I could go on with examples but you can find them all over the web, just search "DRM" and away you go. Bottom line is that almost all methods of DRM are broken and seriously anti-consumer but, if we don't do something, DRM is going to be the standard for eBooks. If that happens, we will be losing much more than the smell of paper and the feel of a book in our hands. We'll be losing our real ownership of our libraries. So, if you can avoid it, don't patronize _any_ eBook business or format that is supportive of DRM. Furthermore, don't buy any eReader that doesn't cleanly support multiple, non-DRM formats (which cuts out the Kindle). Over the next ten years, what is going to count is the dollars. If publishers see that sales of DRM-protected eBooks are poor compared to non-protected formats, then they'll respond, but if everyone jumps on the Kindle-style, DRM-protected, single-supplier model, we're screwed.

Some Things to Do If You Want to Be a Smart EBook Buyer

1) Buy non-DRM (what are sometimes called "multi-format") eBooks wherever possible.
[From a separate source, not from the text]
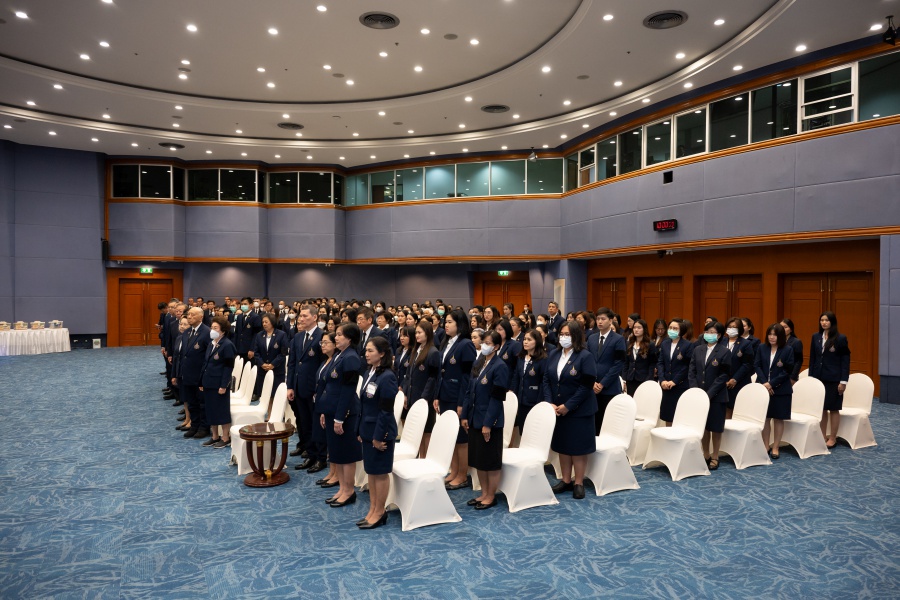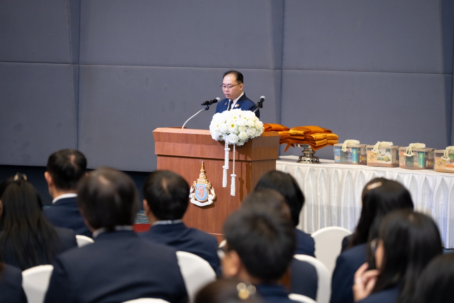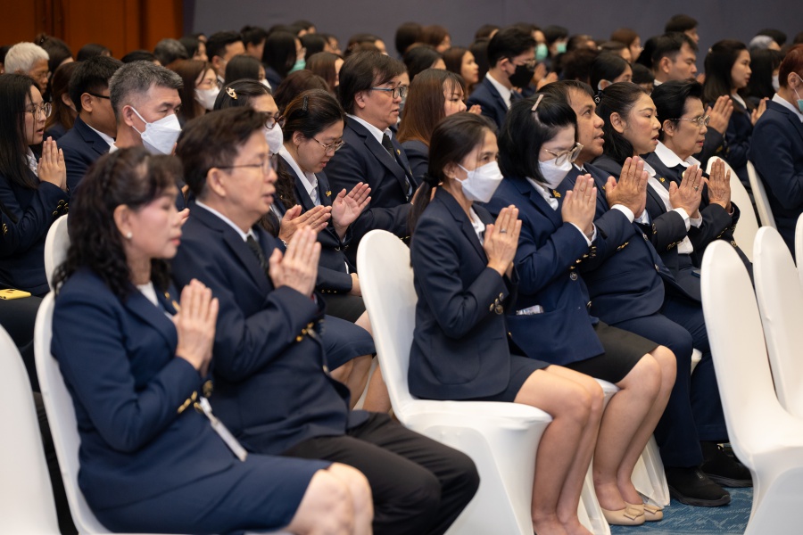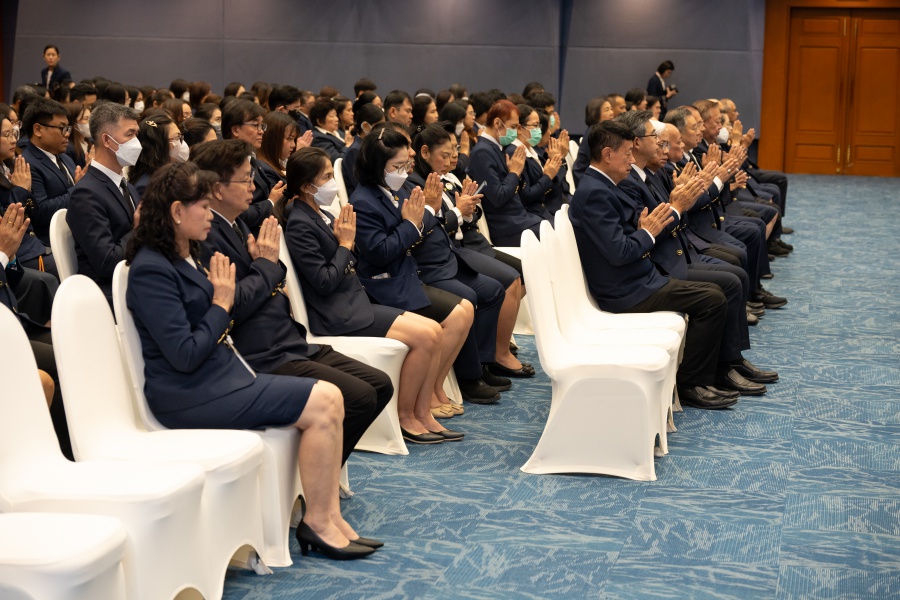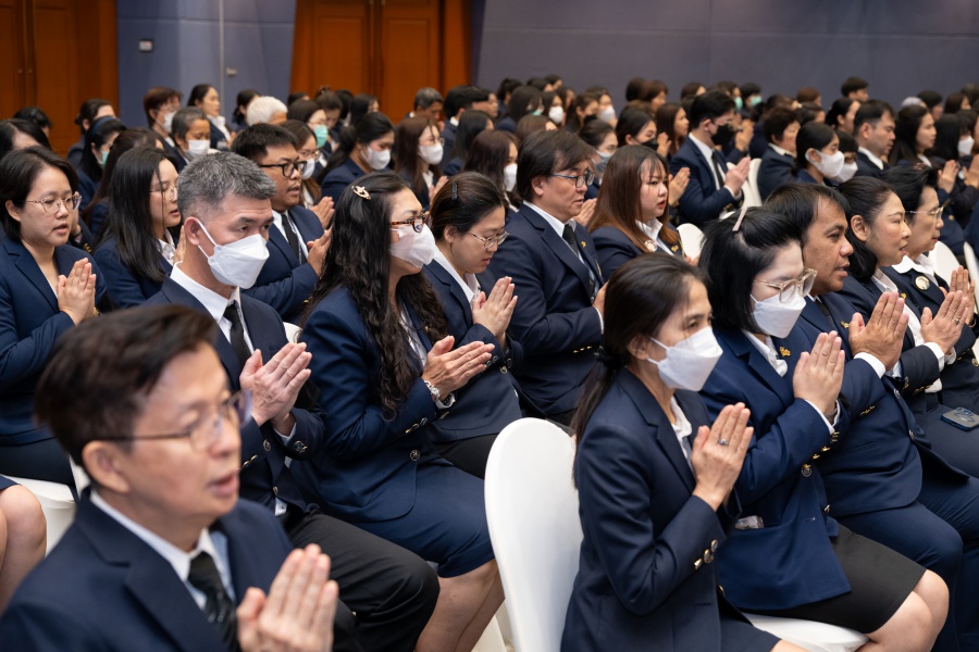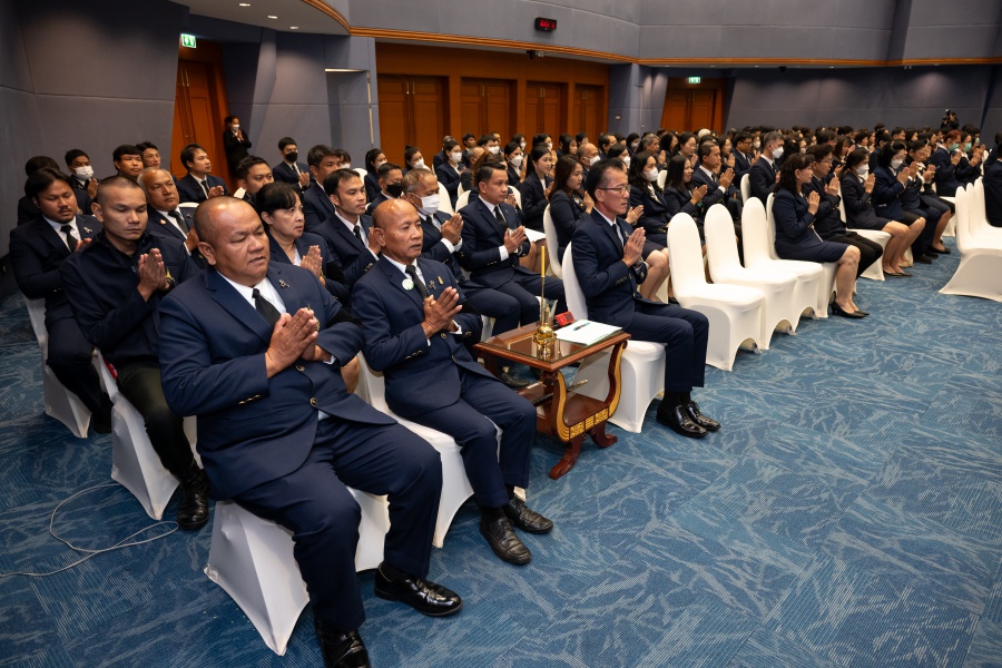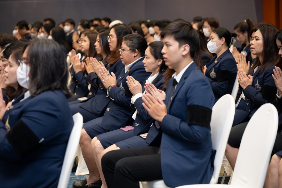 After that, the chairperson of the ceremony laid robes for the monks, who performed the Sadapakon (funeral robe-chanting) rite, and the administration tram members gave offerings to the monks, who returned their rejoice in the merit made. Finally, the chairperson poured water of dedication, and the ceremony ended with paying respectful farewell to the Triple Gems, the royal photograph and the monks.

2) Be smart about the hardware you buy. Either -

a) If you're going to buy a dedicated eBook reader (i.e. one with the nice, new low-power white screens) buy either a Sony eReader or the iLiad from iRex . Of the two, the iLiad is expensive ($600 to $700) but it cleanly supports a wide range of non-DRM formats (including Mobipocket, PDF and even HTML, but not EPUB, yet) as well as having a touchscreen. The Sony, on the other hand, is half the price and works almost as well.

b) Best of all, use a non-dedicated device like a Palm PDA, an iPhone or iPod Touch, or even a laptop or palmtop computer in conjunction with the reader software of your choice. You'll end up with a more useful piece of hardware and completely avoid supporting hardware that is tied to DRM schemes.
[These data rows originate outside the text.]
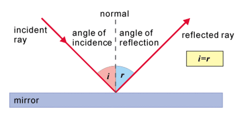 | Describe the law of reflection. | The angle of incidence = the angle of reflection. |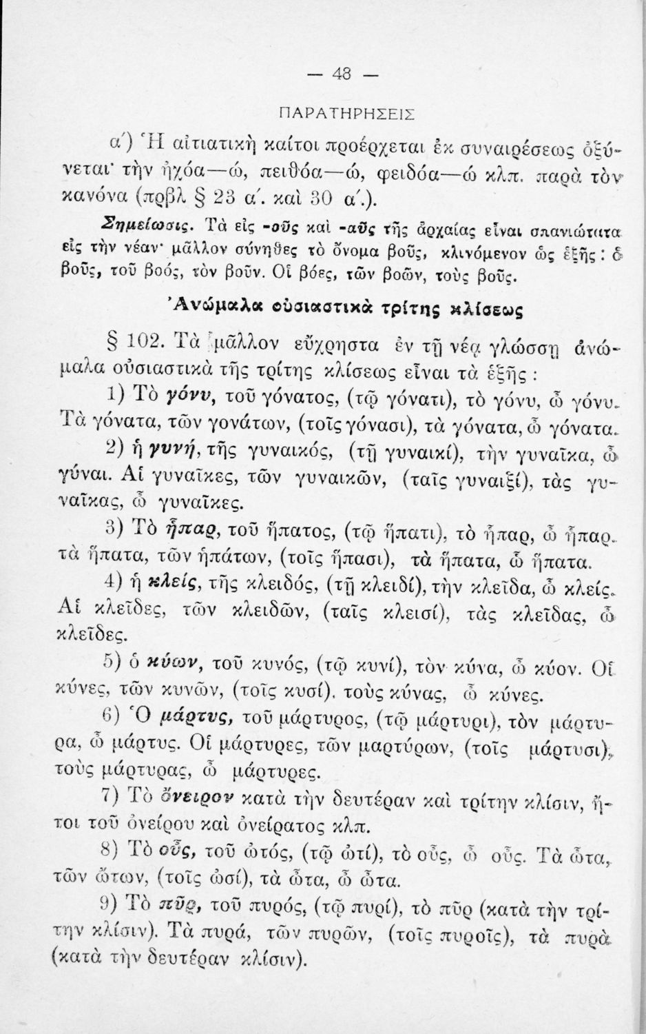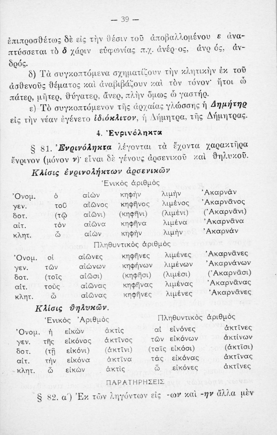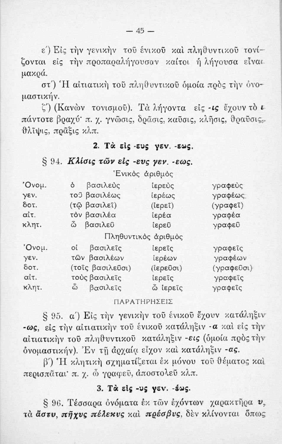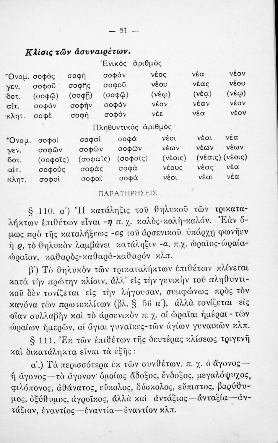Σχολικό εγχειρίδιο Αρχαίων Ελληνικών Γυμνασίου που περιλαμβάνει τη γραμματική της αρχαίας ελληνικής και είναι χωρισμένο σε φθογγολογικό και τυπολογικό μέρος Περιέχει και κατάλογο ανωμάλων ρημάτων.
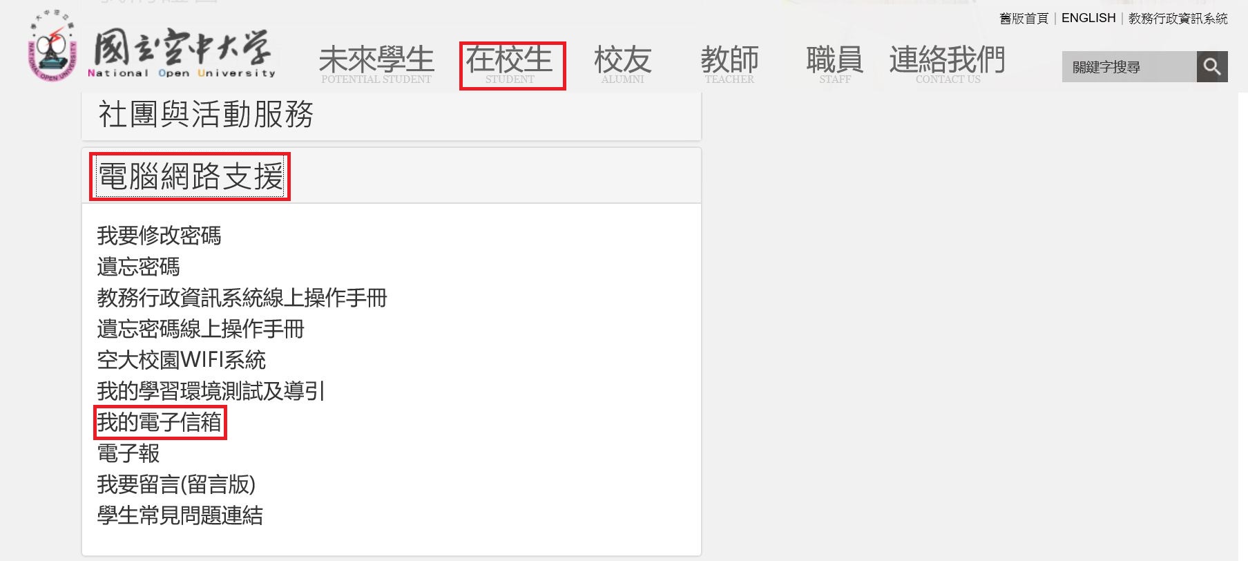 路徑:空大首頁>在校生>電腦網路支援>我的電子信箱

3) Support sellers who are opposed to DRM like Baen Books or Fictionwise.Com . Fictionwise's business model is especially nice in that, once you have an account, they maintain a virtual bookshelf for you. In practice that means you can go to their site anytime and re-download anything that you've purchased from them in any format that is available. And you can do this an unlimited number of times. They do sell DRM-protected titles and so this "bookshelf" model is not flawless, but it's still a very fair business plan and one that I'd like to see used by more companies in this business.
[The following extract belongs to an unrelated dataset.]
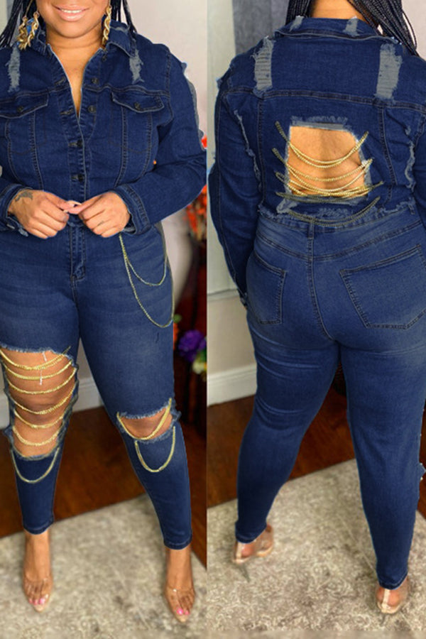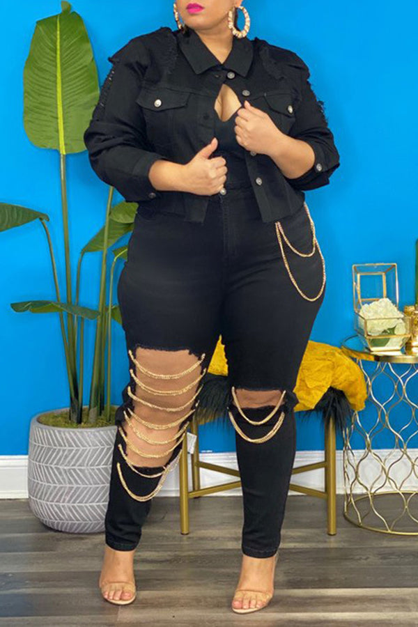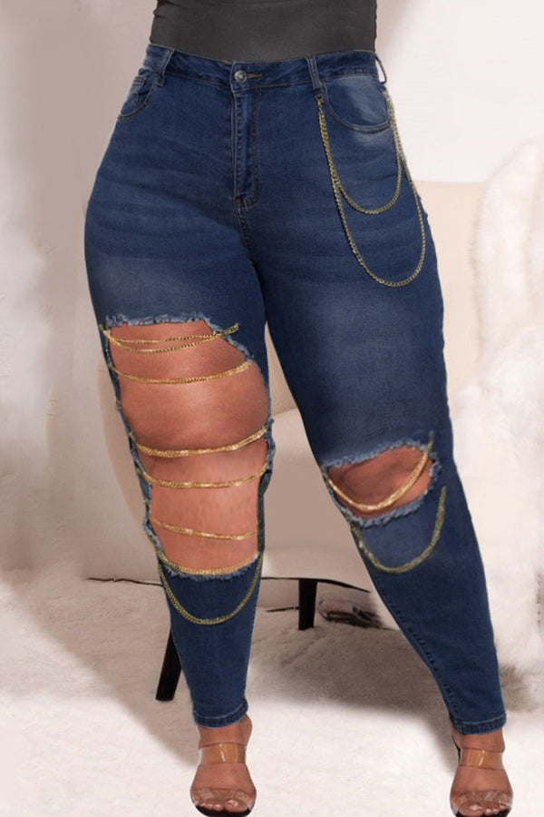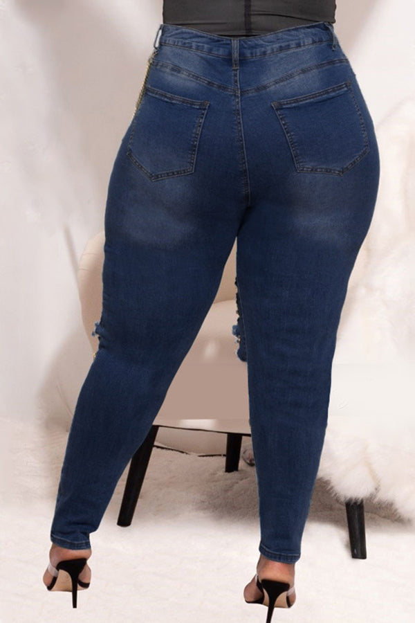 Plus Size Slim Fit Ripped Chain High Stretch Jeans

4) Backup your eBooks. I can't stress this enough. If you aren't dealing with a seller like Fictionwise who will preserve your download rights, when your computer's hard drive goes, you'll lose all your eBooks. Please note that I say "when" the hard drive goes, not "if". Imagine what it would be like if a single, nearby lightning strike could disintegrate all your beloved, physical books? You would take steps to protect them, right?

5) DON'T ILLEGALLY COPY AND DISTRIBUTE EBOOKS! Every time someone "pirates" an eBook it's one more argument for DRM. Plus, darn it, the authors and publishers worked to produce that story. They deserve to get paid for it.

Final Thought

We're moving into an age when much of our media (books, music, pictures, films) will exist solely in electronic format. If we as a society don't make smart choices, I fear that we will lose a very essential right to property. And what bothers and scares me the most is that it seems to be part of a larger movement that's been going on for at least half a century. We have been a nation of renters for years now. Even those who "own" their homes do so in partnership with the bank, and as a minority partner at that. The same goes for most people's cars. At the same time, it has become a tiny minority who own their business or who work for themselves. And now we seem to be moving into a time when we won't even own our books and music. Instead we will have some limited set of "rights" relative to those treasured possessions. Rights that are much less than true "ownership".

I'll tell you though, I'll be damned if I'll spend money supporting a business model like Amazon's eBooks, which only gives me the choice of engaging in some strange sort of "rental" of eBooks under the guise of selling me something. Hell, I'm one of the Luddites who still buys actual CDs, takes them home, and coverts them to MP3s for my iPod. At least that way, I _know_ what I own and a decision by the people at Yahoo isn't going to deprive me of my property.